The solution proposed herein is to store time as floating-point days since the
reference date 0001-01-01 and to convert dates in this format to
datetime.datetime
and MpasRelativeDelta
objects whenever mathematical
manipulation of dates is required.
A successful implementation would produce essentially identical analysis to
what is currently produced, but making use of the dates from the MPAS calendar
(whether Gregorian or 365-day) without the need for artifical offsets (e.g.
yearOffset
used in the current code.
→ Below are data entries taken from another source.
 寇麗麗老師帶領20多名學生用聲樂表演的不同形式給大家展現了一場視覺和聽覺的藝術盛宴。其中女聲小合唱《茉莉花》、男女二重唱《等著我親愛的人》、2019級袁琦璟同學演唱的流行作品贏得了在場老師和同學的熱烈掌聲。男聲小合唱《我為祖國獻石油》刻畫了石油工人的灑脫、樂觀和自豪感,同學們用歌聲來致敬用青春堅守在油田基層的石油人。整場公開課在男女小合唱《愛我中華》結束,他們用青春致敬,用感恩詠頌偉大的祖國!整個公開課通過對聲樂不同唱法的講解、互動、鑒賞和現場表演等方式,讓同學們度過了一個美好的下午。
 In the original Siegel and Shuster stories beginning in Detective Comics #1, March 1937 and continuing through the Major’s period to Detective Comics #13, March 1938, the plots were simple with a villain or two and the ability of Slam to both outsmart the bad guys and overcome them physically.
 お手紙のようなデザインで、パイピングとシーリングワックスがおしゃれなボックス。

Plots of horizontal fields would remain
unchanged while plots of time series would have a time axis with the simulation
date instead of the offset date.
Requirements
Requirement: The 'Time' coordinate of xarray data sets must be consistent
with the MPAS calendar
Date last modified: 2017/02/09
Contributors: Xylar Asay-Davis
For all data sets used in the analysis, the ‘Time’ coordinate must represent dates on the appropriate MPAS calendar, either ‘gregorian’ or ‘gregorian_noleap’, depending on the namelist option ‘config_calendar_type’. There must be ways of mathematically manipulating times (e.g. adding/subtracting offsets and figuring out the amount of time between two dates) and of making plots that are consistent with these calendars.
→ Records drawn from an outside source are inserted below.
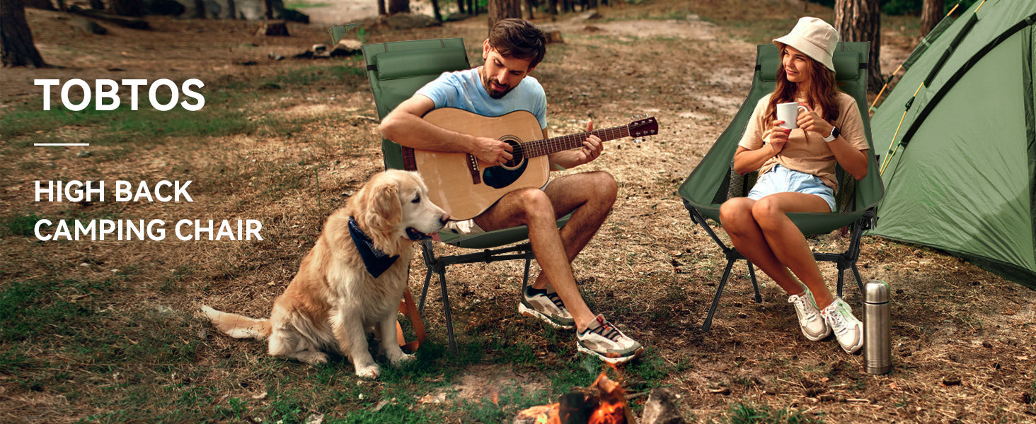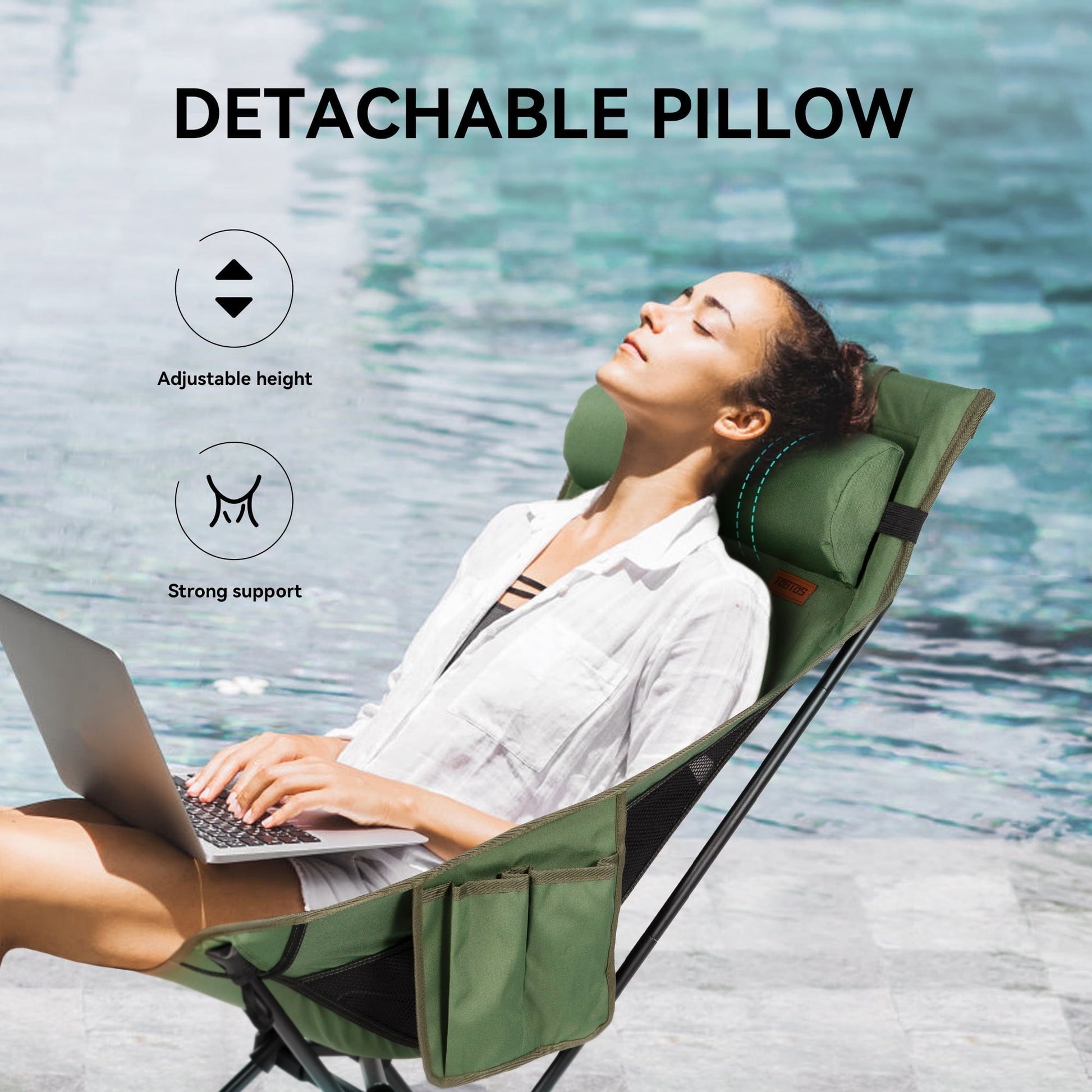 TOBTOS 440lbs High Back Camping Chair with Pillow, Compact Foldable for Camping, Hiking, Backpacking (Green)
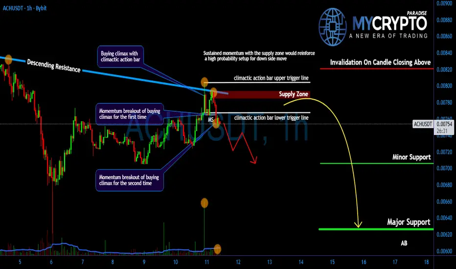 💎#ACH formed a buying climax followed by climactic action bar, strongly suggesting that institutional players are offloading and preparing for more downside move according to volume spread analysis (VSA).
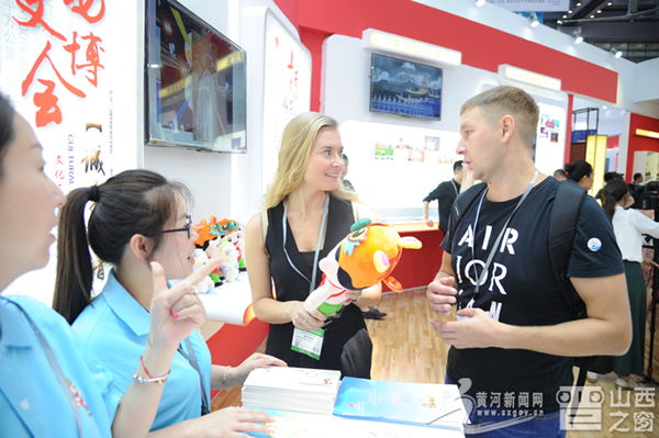 A couple from overseas find something of interest in the exhibition area for Shanxi province at the cultural industries fair in Shenzhen, on May 16. [Photo/sxgov.cn]
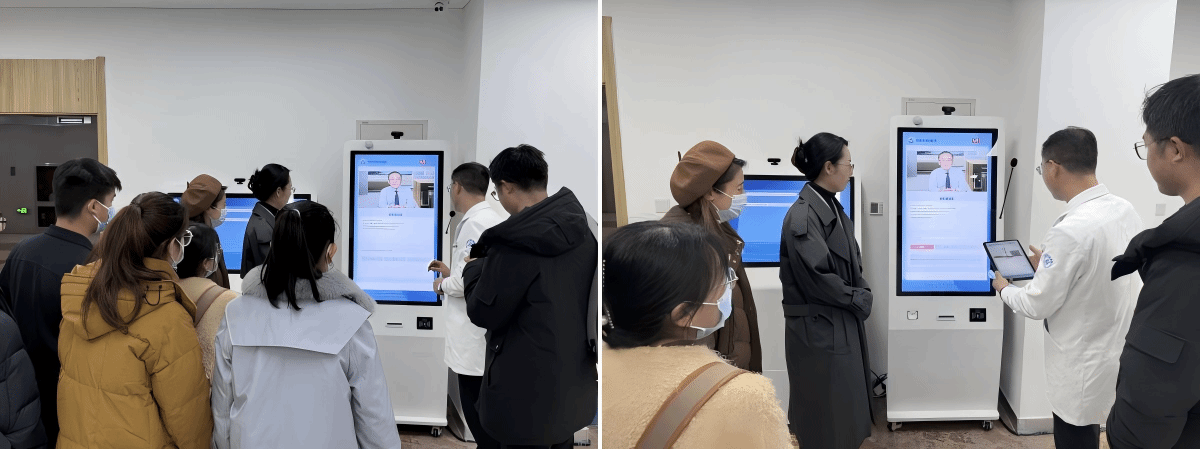 交流环节结束后,师生们走进了海河医院门急诊、胸痛中心与卒中中心现场,沉浸式体验AI 数字医生智能体终端快速采集患者信息,自动完成初步分诊与风险分级,以及智能监测设备实时传输患者心电数据,联动 AI 模型自动识别异常波形,为急性心梗患者争取 “黄金救治时间” 的实际应用。

Requirement: The 'Time' coordinate of xarray data sets must support at least years
0001 and 9999, and preferably any conceivable value
Date last modified: 2017/02/16
Contributors: Xylar Asay-Davis
For all data sets used in the analysis, the ‘Time’ coordinate must, at a minimum,
support years between 0001 and 9999 (the range of datetime.datetime
) and preferably
a broader range.
Algorithmic Formulations (optional)
Design solution: The 'Time' coordinate of xarray data sets must be consistent
with the MPAS calendar
Date last modified: 2017/02/11
Contributors: Xylar Asay-Davis, Phillip J. Wolfram
The proposed solution represents time in xarray.DataSet
objects as the number of
days since the reference date 0001-01-01.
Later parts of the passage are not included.